(Items from a data source)
************

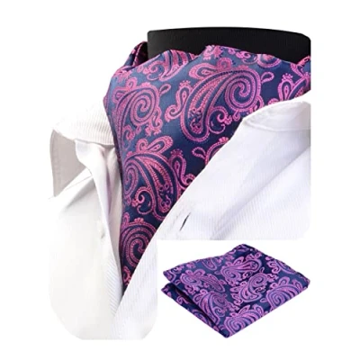 Gusleson Men's Ascot Paisley Cravat Tie Floral Jacquard Woven Wedding Necktie and Pocket Square Set (UK0603 12)
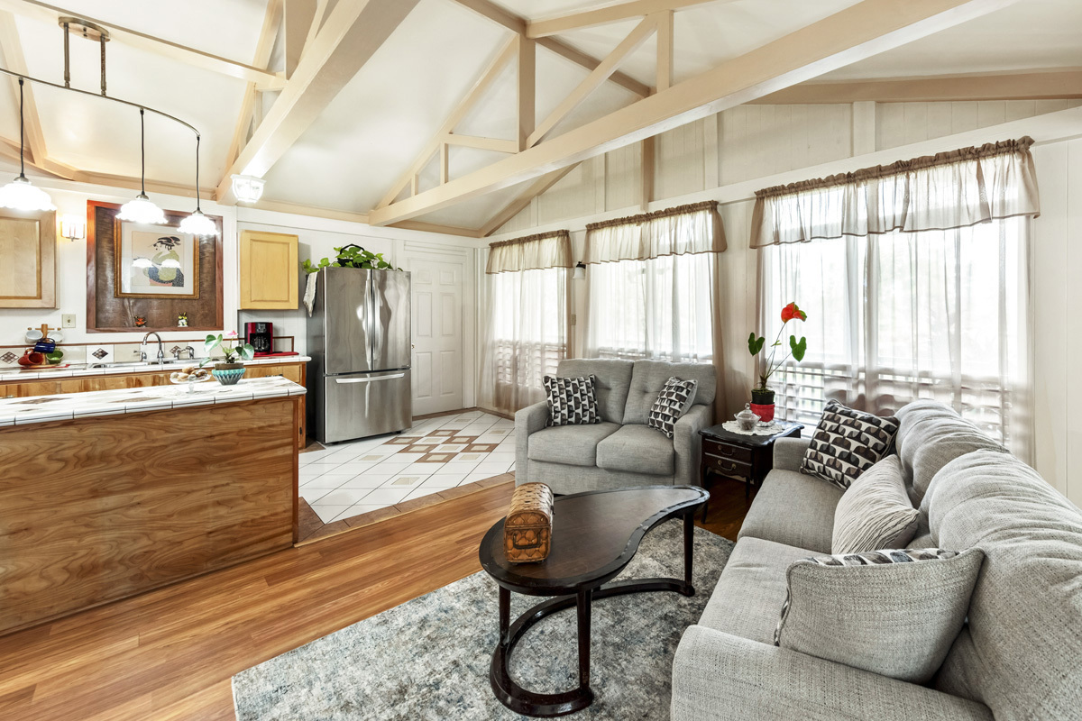 This single level home was once a 2/1 and now a 3/2, with a comfortable, open living layout. The interior has been almost completely repainted, as well as the lanai, catchment tank and laundry patio. The third room has access from the large lanai as well as from the interior, making it ideal for guests to come and go on their schedule. A shower stall was added to the original half bath, making the full bath a private bathroom for the primary bedroom.
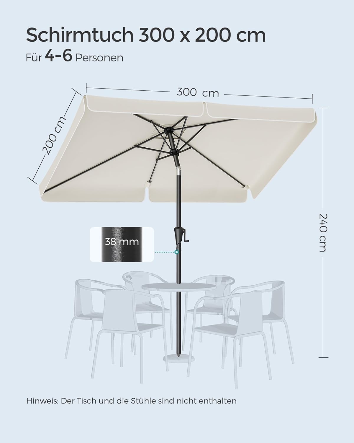 Perfecte pasvorm voor uw balkon: De rechthoekige parasol van 300 x 200 cm is ideaal voor uw balkon en biedt extra schaduw dankzij de speciaal ontworpen randen.
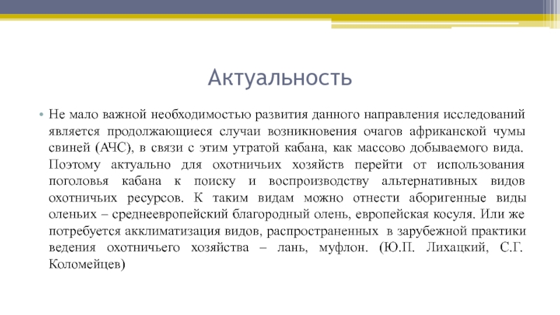 этим утратой кабана, как массово добываемого вида. Поэтому актуально для охотничьих хозяйств перейти от использования поголовья кабана к поиску и воспроизводству альтернативных видов охотничьих ресурсов. К таким видам можно отнести аборигенные виды оленьих – среднеевропейский благородный олень, европейская косуля. Или же потребуется акклиматизация видов, распространенных в зарубежной практики ведения охотничьего хозяйства – лань, муфлон. (Ю.П. Лихацкий, С.Г. Коломейцев)
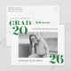 Celebra tu graduación con estilo con estas modernas y audaces postales de invitación a la fiesta de graduación 2025, que presentan un diseño elegante con tu foto horizontal enmarcada con letras en blanco y verde negrita "2025" en las esquinas superior izquierda y inferior derecha. Personaliza el frente con tu nombre y la escuela, mientras que la parte posterior muestra los detalles de tu fiesta de graduación y la dirección de regreso para una invitación pulida y sin complicaciones. Perfecto para graduados de secundaria o universitarios, estas postales de graduación para personalizados le facilitan compartir su día especial con su familia y amigos.
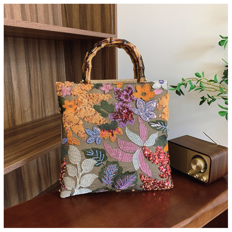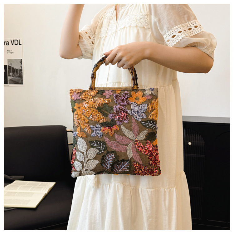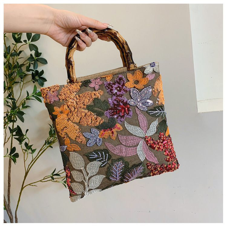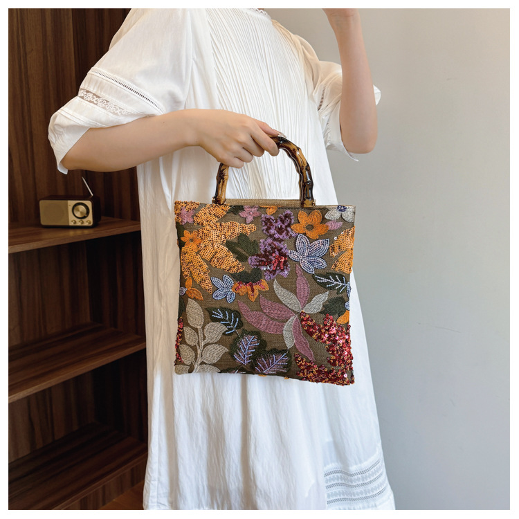 【刺绣复古竹节包】新款竹节手提包 高奢彩色亮片复古女士手拎包 重工刺绣潮晚宴包
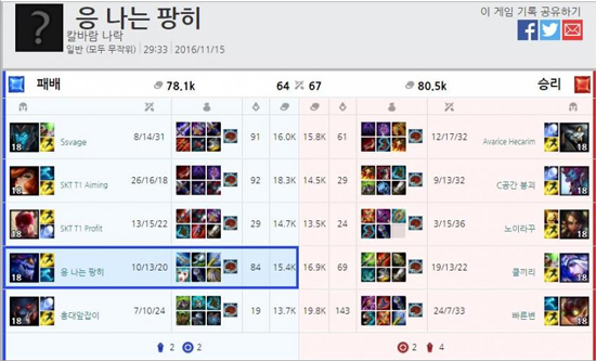 ¡ã '¿¡À̹Ö' ±èÇ϶÷ÀÌ ¹®Á¦ ¹ß¾ðÀ» ÇÒ ´ç½Ã °°ÀÌ °ÔÀÓÀ» Ç÷¹ÀÌÇÑ »ç¶÷ ¸í´Ü(Ãâó : LOL °ø½Ä ȨÆäÀÌÁö)
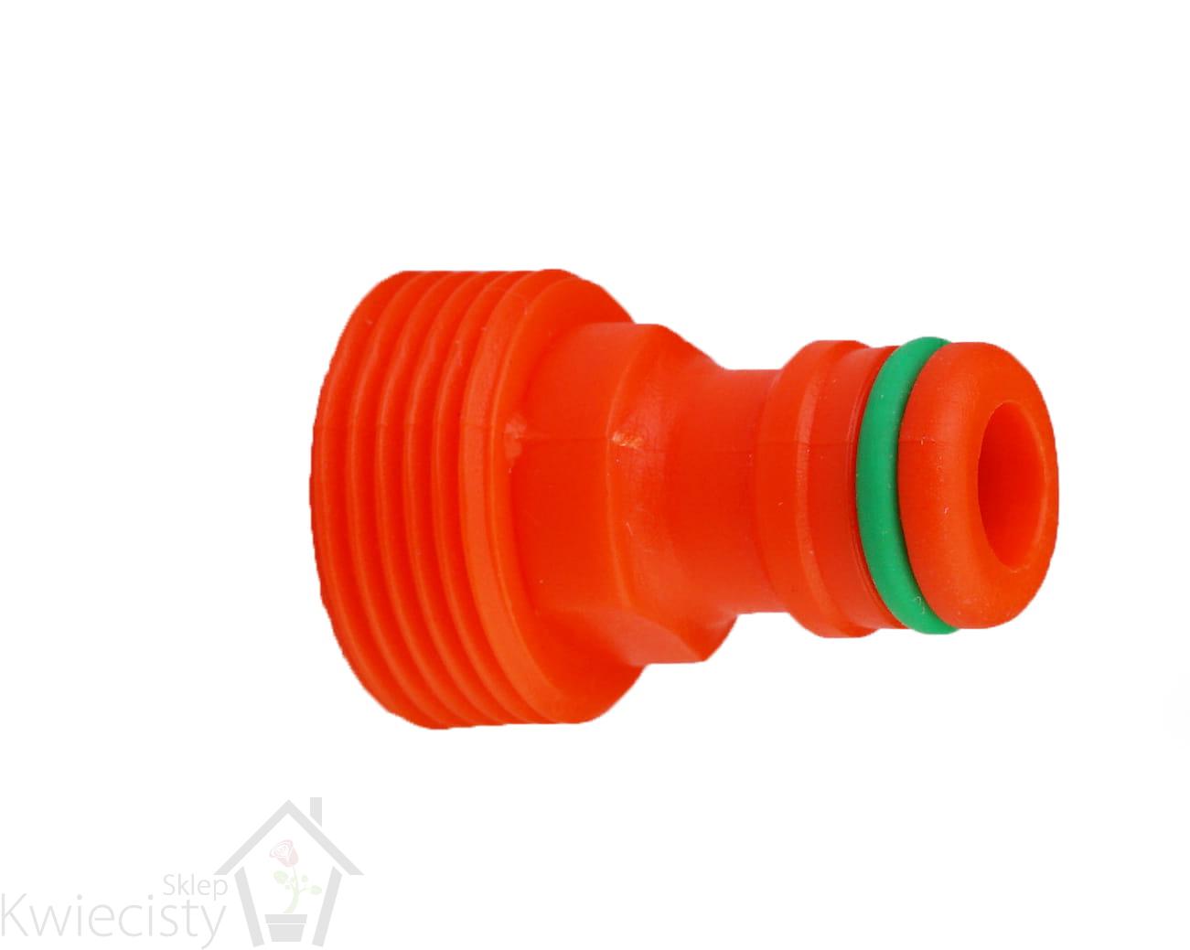 Wkręcone do urządzania (np. zraszacza) lub innego elementu z gwintem wewnętrznym umożliwia połączenie go z wężem zakończonym szybkozłączką.
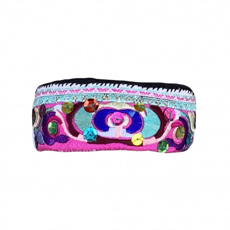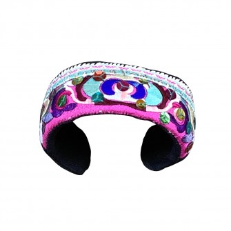 Bracelet décoré d’une broderie ancienne Miao aux décorations de fleurs et entièrement recouvert de tissu. Il possède une armature intérieure en argent Miao pour s'adapter aisément au bras de la personne.
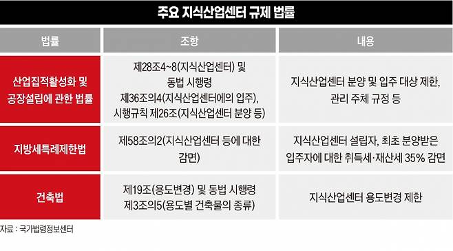 그렇다고 무작정 규제를 풀 수만은 없다. 지식산업센터 규제는 2010년 산업집적법 제정 이후 지속적으로 완화돼왔다. 기숙사 외에 생산시설이나 사무실로 사용되는 지식산업센터를 주거용 오피스텔로 용도변경하기도 사실상 불가능하다. 주거용이 아니라면 상가와 마찬가지로 안정적인 수요와 수익을 보장하기 어렵다.
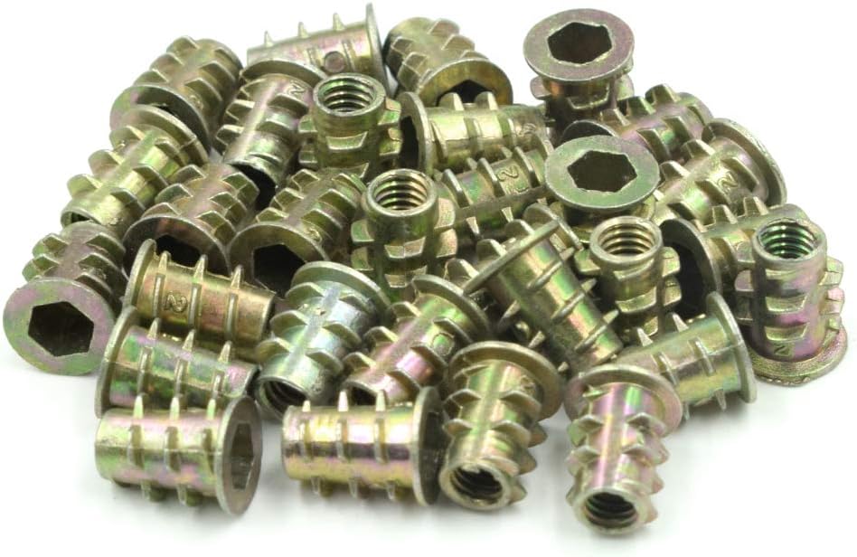 2.Ideal for use in materials such as pine, plywood, composition board, and MDF, Hex Drive inserts feature tapered external threads which resist pull out caused by vibration.
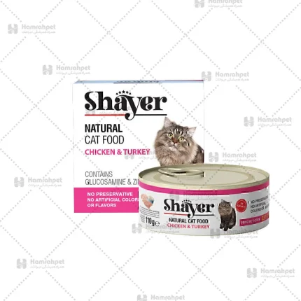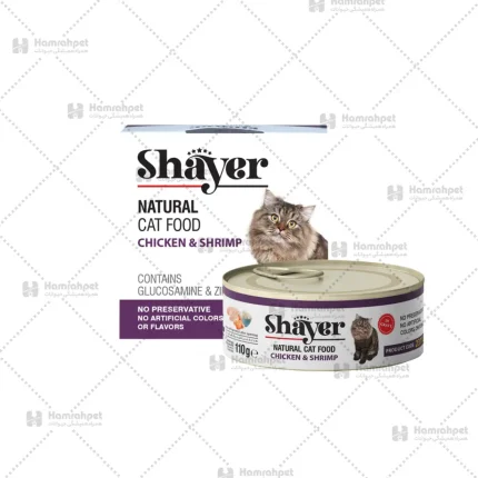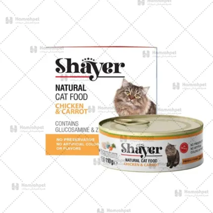 کنسرو غذای گربه با طعم مرغ و هویج شایر Shayer Natural With Chicken & Carrot در سس گوشت وزن 110 گرم

************

→ Instructions to follow:
All of the entries above should be duplicated exactly, except for the pictures.

→ Exercise response:
 Gusleson Men's Ascot Paisley Cravat Tie Floral Jacquard Woven Wedding Necktie and Pocket Square Set (UK0603 12)
 This single level home was once a 2/1 and now a 3/2, with a comfortable, open living layout. The interior has been almost completely repainted, as well as the lanai, catchment tank and laundry patio. The third room has access from the large lanai as well as from the interior, making it ideal for guests to come and go on their schedule. A shower stall was added to the original half bath, making the full bath a private bathroom for the primary bedroom.
 Perfecte pasvorm voor uw balkon: De rechthoekige parasol van 300 x 200 cm is ideaal voor uw balkon en biedt extra schaduw dankzij de speciaal ontworpen randen.
 этим утратой кабана, как массово добываемого вида. Поэтому актуально для охотничьих хозяйств перейти от использования поголовья кабана к поиску и воспроизводству альтернативных видов охотничьих ресурсов. К таким видам можно отнести аборигенные виды оленьих – среднеевропейский благородный олень, европейская косуля. Или же потребуется акклиматизация видов, распространенных в зарубежной практики ведения охотничьего хозяйства – лань, муфлон. (Ю.П. Лихацкий, С.Г. Коломейцев)
 Celebra tu graduación con estilo con estas modernas y audaces postales de invitación a la fiesta de graduación 2025, que presentan un diseño elegante con tu foto horizontal enmarcada con letras en blanco y verde negrita "2025" en las esquinas superior izquierda y inferior derecha. Personaliza el frente con tu nombre y la escuela, mientras que la parte posterior muestra los detalles de tu fiesta de graduación y la dirección de regreso para una invitación pulida y sin complicaciones. Perfecto para graduados de secundaria o universitarios, estas postales de graduación para personalizados le facilitan compartir su día especial con su familia y amigos.
 【刺绣复古竹节包】新款竹节手提包 高奢彩色亮片复古女士手拎包 重工刺绣潮晚宴包
 ¡ã '¿¡À̹Ö' ±èÇ϶÷ÀÌ ¹®Á¦ ¹ß¾ðÀ» ÇÒ ´ç½Ã °°ÀÌ °ÔÀÓÀ» Ç÷¹ÀÌÇÑ »ç¶÷ ¸í´Ü(Ãâó : LOL °ø½Ä ȨÆäÀÌÁö)
 Wkręcone do urządzania (np. zraszacza) lub innego elementu z gwintem wewnętrznym umożliwia połączenie go z wężem zakończonym szybkozłączką.
 Bracelet décoré d’une broderie ancienne Miao aux décorations de fleurs et entièrement recouvert de tissu. Il possède une armature intérieure en argent Miao pour s'adapter aisément au bras de la personne.
 그렇다고 무작정 규제를 풀 수만은 없다. 지식산업센터 규제는 2010년 산업집적법 제정 이후 지속적으로 완화돼왔다. 기숙사 외에 생산시설이나 사무실로 사용되는 지식산업센터를 주거용 오피스텔로 용도변경하기도 사실상 불가능하다. 주거용이 아니라면 상가와 마찬가지로 안정적인 수요와 수익을 보장하기 어렵다.
 2.Ideal for use in materials such as pine, plywood, composition board, and MDF, Hex Drive inserts feature tapered external threads which resist pull out caused by vibration.
 کنسرو غذای گربه با طعم مرغ و هویج شایر Shayer Natural With Chicken & Carrot در سس گوشت وزن 110 گرم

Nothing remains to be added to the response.